A PILOT STUDY has underlined a formal link between the economic downturn and the level of suicide in Ireland.
Research published today by the National Suicide Research Foundation, investigating the circumstances surrounding 190 deaths in Cork, showed that almost a third of suicide victims worked in construction and related businesses, which bore the brunt of the downturn.
“These findings show that some occupational groups in Ireland are associated with an increased risk of suicide,” the Suicide Support and Information System report said.
The report also showed that 38.1 per cent of suicide victims studied were unemployed – a figure in obvious disproportion to overall figures showing that 14.9 per cent of the general public is unemployed.
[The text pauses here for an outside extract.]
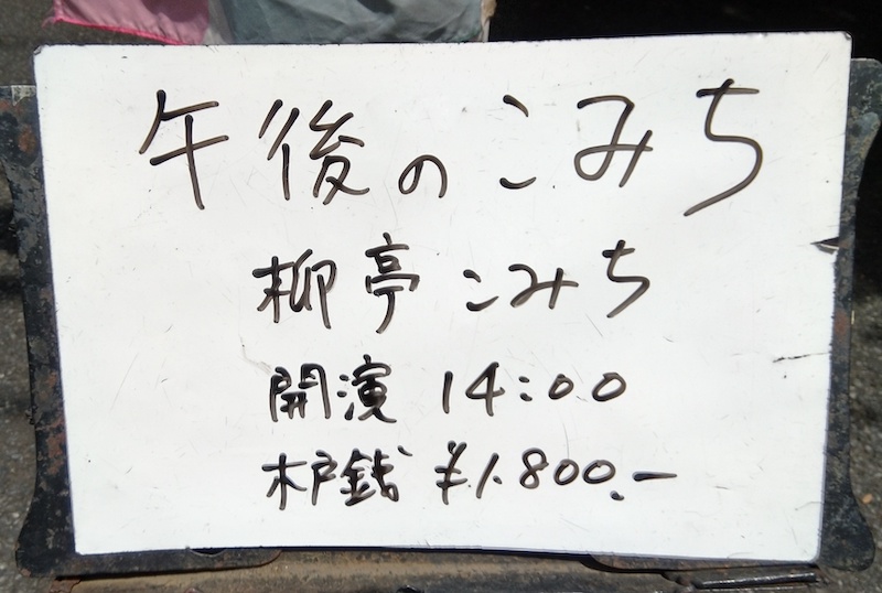 今日の観客数は30名弱。こみち師匠は「今日も満席ですねー」と喜んでいた。いつも明るい師匠である。
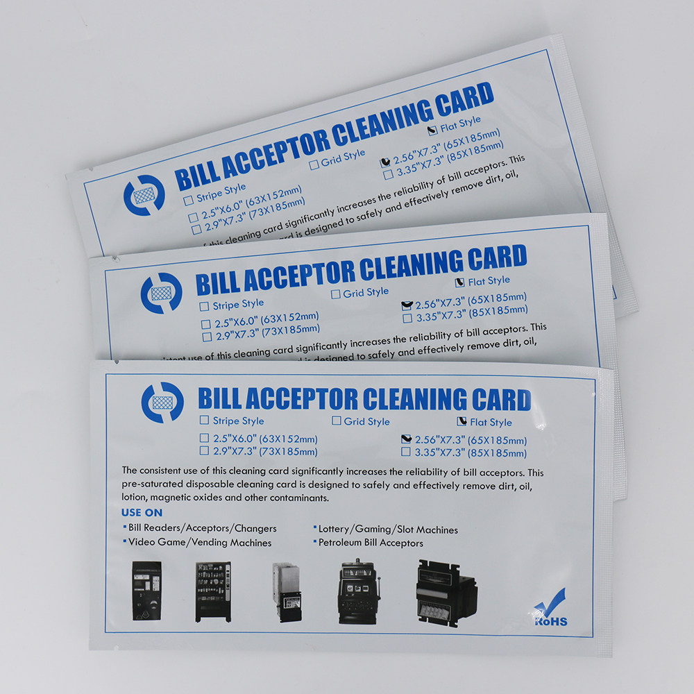纸币识别器清洁卡是一种专为纸币识别设备(如点钞机、验钞机、自动售货机等)设计的清洁工具,通常采用柔软、耐用的材质制成,并含有特定清洁溶剂具有强吸附能力,旨在有效清除设备内部传感器、滚轮、通道等关键部件的灰尘、纸屑、油污等杂质,确保设备的正常运行和准确性。

81 per cent of victims had been in contact with their GP or a mental health service in the year before their death; of those, two-thirds had been in touch with their GPs four times or more in the 12 months before they died.
While 41 per cent had been offered outpatient appointments with mental health services, almost half of these were unable to take up these appointments.
56.6 per cent of suicide victims had been using prescription medication for a mental disorder in the year prior to their death, but the report found that almost half of these – 46.4 per cent – had not complied with the instructions supplied.
The report studied 178 cases in Cork city and county in which inquests returned a verdict of death by suicide, as well as another 12 cases in which open verdicts were returned, between September 2008 and March 2011.
The study was part-funded by the HSE’s National Office for Suicide Prevention.